***** SOURCE MATERIAL *****
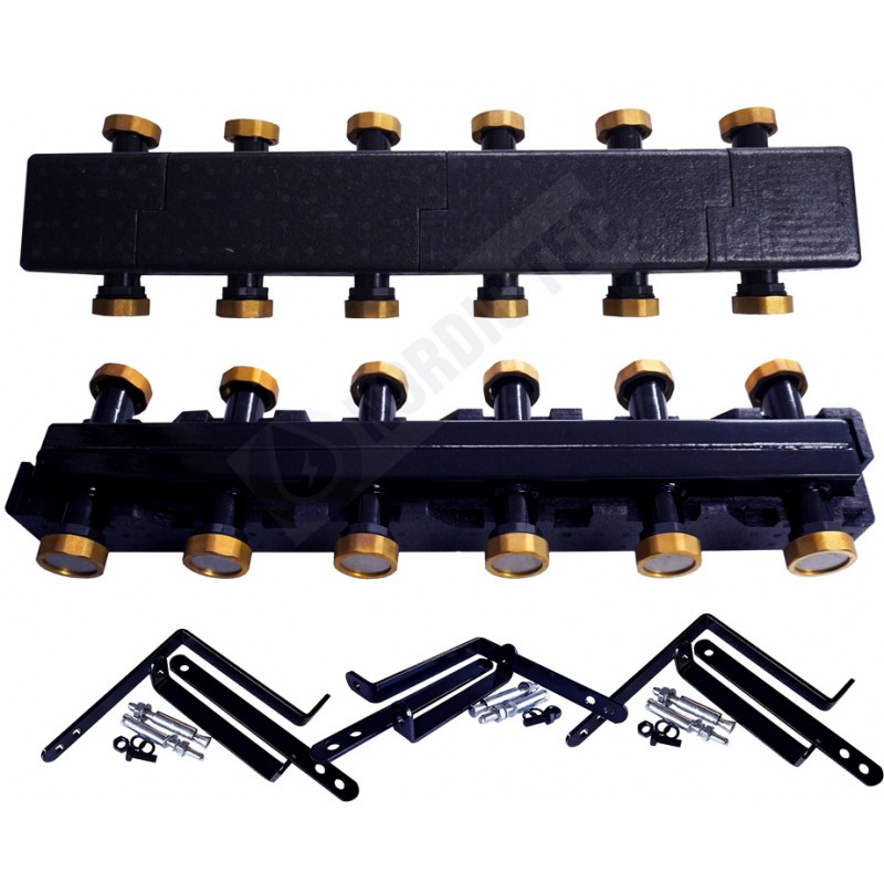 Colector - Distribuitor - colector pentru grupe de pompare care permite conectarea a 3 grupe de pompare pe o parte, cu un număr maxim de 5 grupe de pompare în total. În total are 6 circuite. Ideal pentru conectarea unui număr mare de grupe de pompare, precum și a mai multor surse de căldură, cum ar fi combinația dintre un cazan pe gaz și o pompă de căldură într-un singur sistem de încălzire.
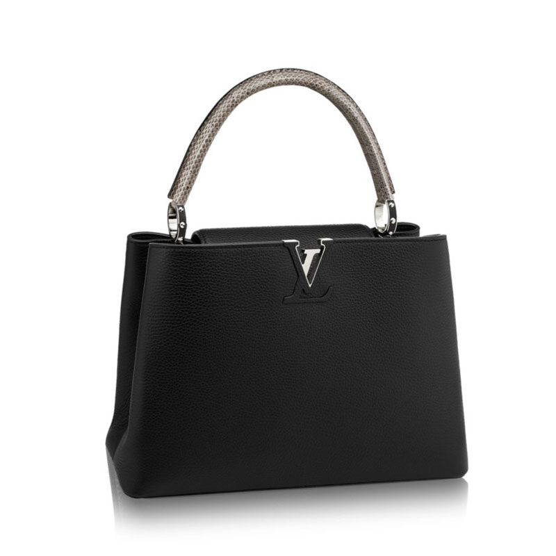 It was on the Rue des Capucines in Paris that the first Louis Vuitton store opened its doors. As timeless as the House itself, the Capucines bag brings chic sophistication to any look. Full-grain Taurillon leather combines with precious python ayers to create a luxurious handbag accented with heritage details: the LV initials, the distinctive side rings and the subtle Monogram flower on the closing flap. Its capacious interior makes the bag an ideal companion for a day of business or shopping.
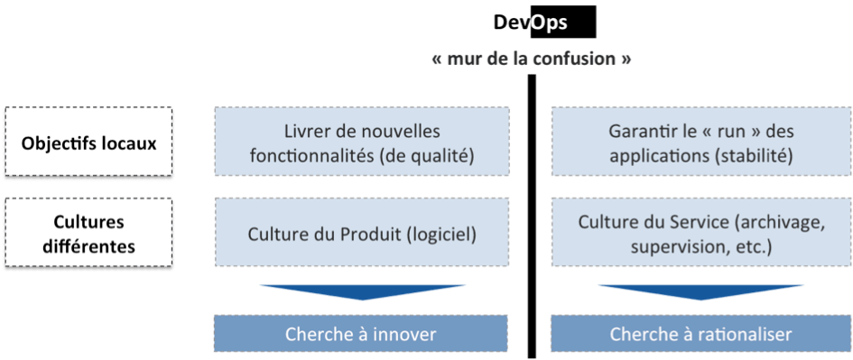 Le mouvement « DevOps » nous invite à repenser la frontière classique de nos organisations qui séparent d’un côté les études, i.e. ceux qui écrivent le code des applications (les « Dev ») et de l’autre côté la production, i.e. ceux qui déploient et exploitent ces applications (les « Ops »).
*****
Starting with the first line of the material above and ending with the line that holds "It was on the", write out those lines exactly, without pictures.

■ EXERCISE OUTPUT
 Colector - Distribuitor - colector pentru grupe de pompare care permite conectarea a 3 grupe de pompare pe o parte, cu un număr maxim de 5 grupe de pompare în total. În total are 6 circuite. Ideal pentru conectarea unui număr mare de grupe de pompare, precum și a mai multor surse de căldură, cum ar fi combinația dintre un cazan pe gaz și o pompă de căldură într-un singur sistem de încălzire.
 It was on the Rue des Capucines in Paris that the first Louis Vuitton store opened its doors. As timeless as the House itself, the Capucines bag brings chic sophistication to any look. Full-grain Taurillon leather combines with precious python ayers to create a luxurious handbag accented with heritage details: the LV initials, the distinctive side rings and the subtle Monogram flower on the closing flap. Its capacious interior makes the bag an ideal companion for a day of business or shopping.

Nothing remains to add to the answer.